#### [Brief]
Return, exactly as written, the line containing "The Navarre Beach" and every line after it to the end of the records below, with no pictures.
Start of Input for this task
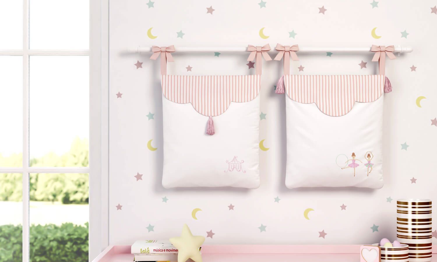 Lacinhos, tassel e listrinhas com tons em branco e rosé! O Porta Fraldas Bailarina Trapezista da Linha Sabrina Sato Mom se destaca não somente pela variedade de detalhes incríveis, mas principalmente por toda a sua funcionalidade. Com esse acessório as fraldinhas ficam sempre à mão e a rotina de cuidados com a higiene da bebê se torna mais prática. O bordado de circo, bailarina e trapezista traz o visual lúdico ao quarto de bebê.
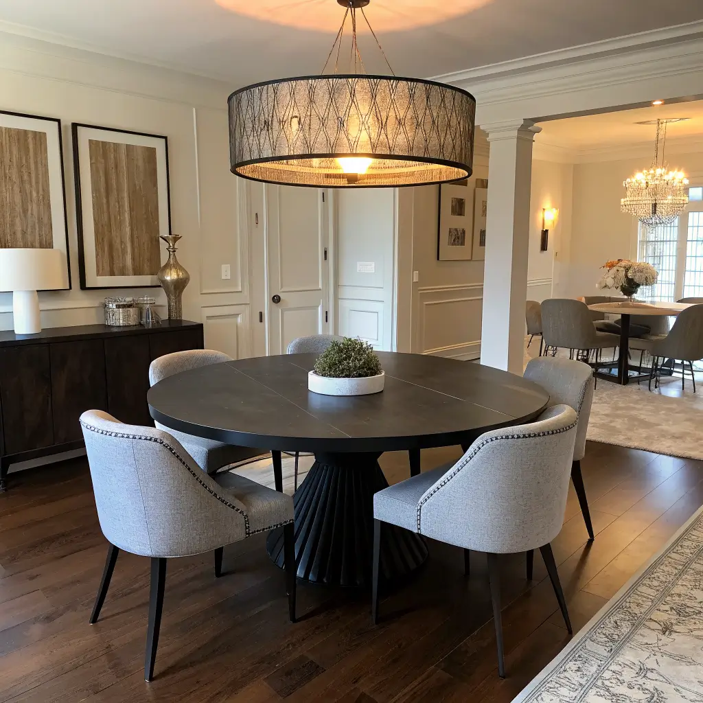 The circular shape softens black’s potential severity. I noticed this when switching from rectangular to round; suddenly, my dining room felt friendlier, more inviting. The curves create better flow, especially in square rooms where rectangular tables can feel rigid.
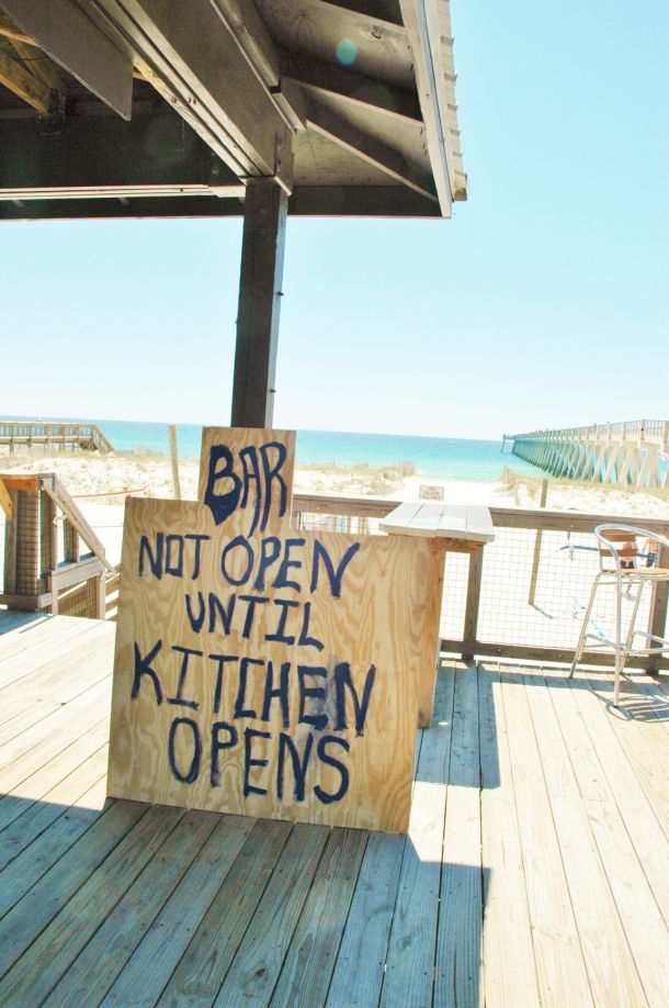 The Navarre Beach Fishing Pier bar, Lagerheads on the Gulf, reopened April 19 after having been closed for about 10 days. County Administrator Hunter Walker and County Attorney Angie Jones advised the management team that their contract prohibited operating the bar without food being served.
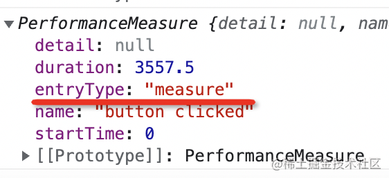 performance.measure('button clicked', 'from', 'to');后两个参数是时间点,不传代表从开始到现在。
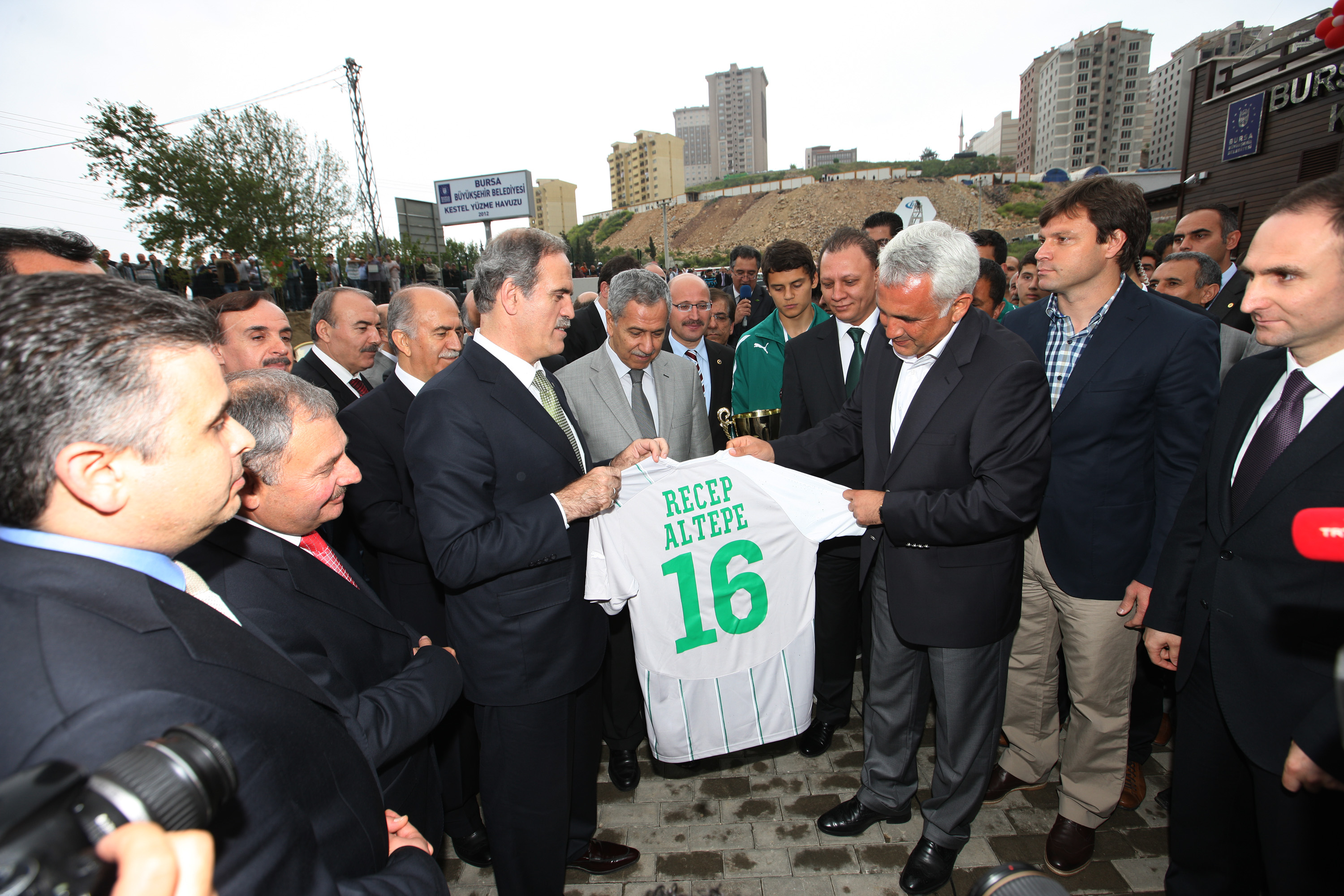 Bursaspor Kulübü yönetimi de Başbakan Yardımcısı Bülent Arınç, Büyükşehir Belediye Başkanı Recep Altepe ve Vali Şahabettin Harput’a takımın 16 numaralı formasını hediye etti.
End of Input for this task
#### [Task answer]
 The Navarre Beach Fishing Pier bar, Lagerheads on the Gulf, reopened April 19 after having been closed for about 10 days. County Administrator Hunter Walker and County Attorney Angie Jones advised the management team that their contract prohibited operating the bar without food being served.
 performance.measure('button clicked', 'from', 'to');后两个参数是时间点,不传代表从开始到现在。
 Bursaspor Kulübü yönetimi de Başbakan Yardımcısı Bülent Arınç, Büyükşehir Belediye Başkanı Recep Altepe ve Vali Şahabettin Harput’a takımın 16 numaralı formasını hediye etti.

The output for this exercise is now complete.